施設に入居してからも、父は自分の生活ルーティンを続けたいと強く希望していました。決まったスーパーで刺身を買い、晩酌を楽しむことや、ラーメン屋で餃子をお供にビールを飲むことが、父にとっての小さな幸せでした。スタッフの皆さんがそのルーティンを支え、外出時のサポートを細かく工夫してくれたことで、父は施設での生活を「快適だ」と語ってくれました。

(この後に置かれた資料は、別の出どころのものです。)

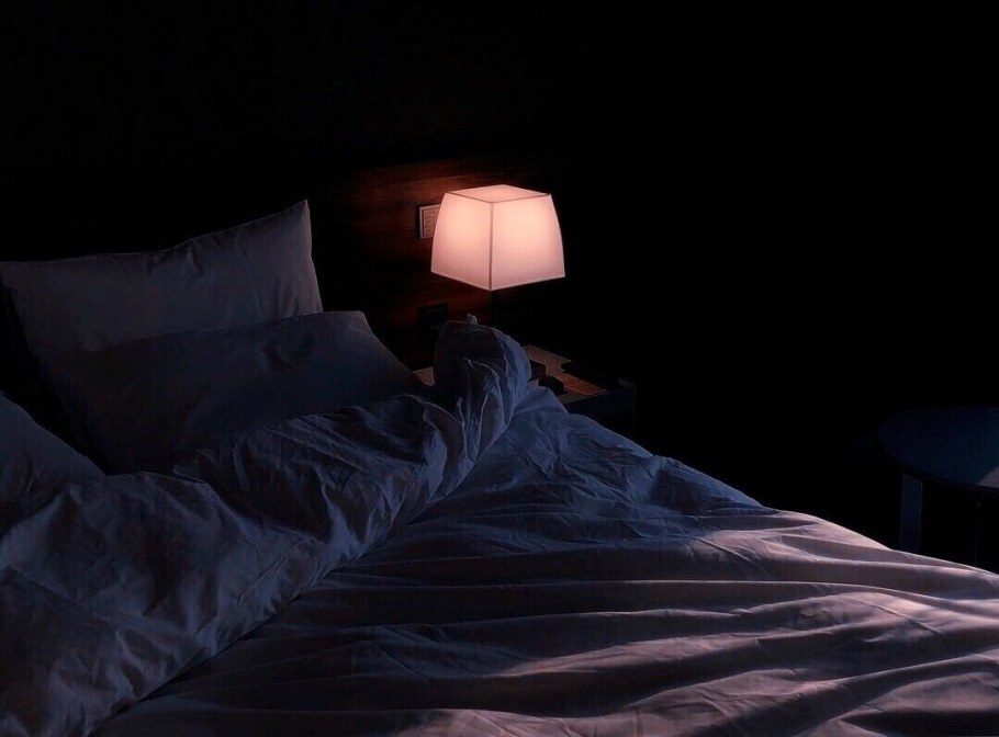 Девушка в постели в темноте
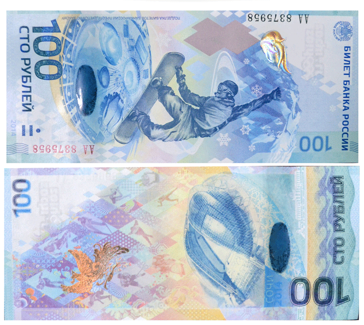 7.纪念钞。2014年索契冬季奥运会纪念钞以蓝色为主色调,纸币图案设计为竖版,纪念钞的正面为一名冬季滑雪板运动员腾空而起的造型,他的身后是巍峨的雪山;索契奥林匹克体育场、波尔肖冰宫等其他奥运场馆的俯瞰图;背面为索契冬奥会主会场——菲施特奥林匹克体育场及索契城市建筑和幻想的火鸟,这是俄罗斯发行的首枚奥运纪念钞。
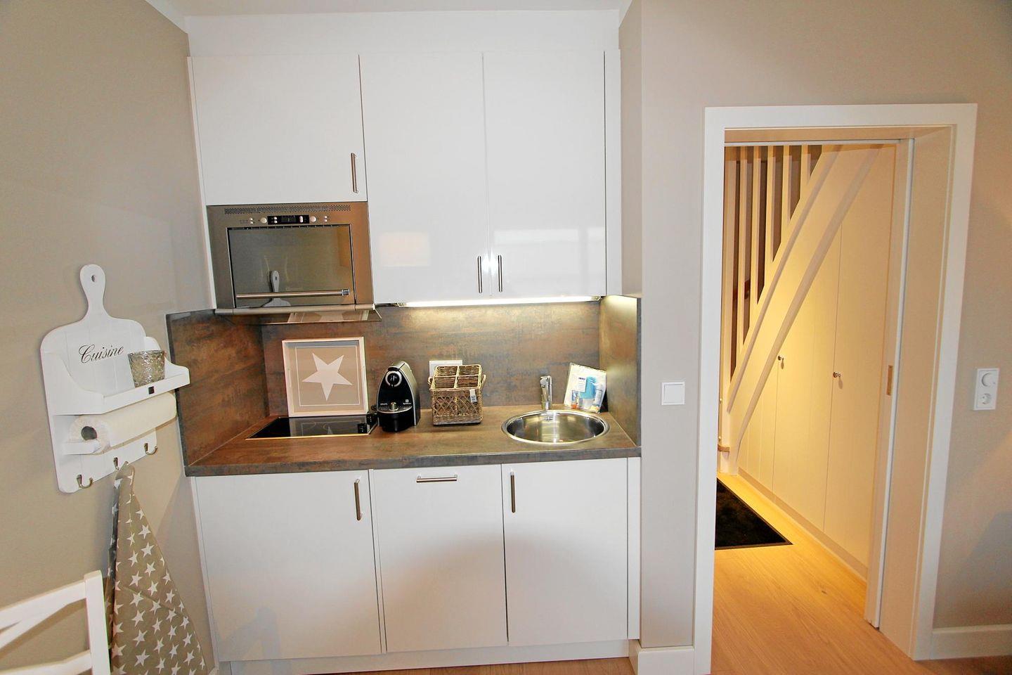 In der Küchenzeile können kleinere Speisen und Getränke zubereitet werden. Der morgendliche Kaffee ist hier gesichert. Am hellen Essensplatz kann gegessen werden.

その一方で、父は在宅酸素の使用に慣れるのに苦労していました。酸素をつけ忘れて外出してしまうこともありましたが、スタッフの皆さんが訪問看護や地域の方々と連携し、父が安全に生活できるよう尽力してくださったことには感謝しかありません。

そんな父が母に宛てた手紙を見た時、胸が熱くなりました。「退院まであと〇〇日、一緒に暮らせるのが楽しみだよ」という言葉には、母を思う父の深い愛情が溢れていました。母も後にその話を聞き、「文章を書くのが上手な人で、そこに惹かれたのよ」と照れ笑いを浮かべながら話していました。

しかし、父が母との新しい生活を始める前に突然倒れ、帰らぬ人となりました。私たち家族にとって、母と一緒に暮らすという父の夢が叶わなかったことが何より悔しかったです。それでも、父らしく好きな場所で最後を迎えたことに、少し救われる思いがありました。

その後、母は施設に入居しましたが、父のことはしばらく伝えないという家族の方針で、穏やかに過ごす時間を作ることができました。スタッフの皆さんが母の様子を細やかに報告してくださり、遠くに住む私たちも安心して見守ることができました。母が最後を迎えた時、父と同じく、この施設でたくさんの愛情に包まれていたことに感謝の気持ちでいっぱいでした。

父と母、二人の新しい生活が叶わなかったことは今も胸に残りますが、スタッフの皆さんの温かいサポートのおかげで、二人が安心して過ごせたことに心から感謝しています。家族の絆を支えてくれたアルファリビング鹿児島上之園は、私たちにとって特別な場所です。本当にありがとうございました。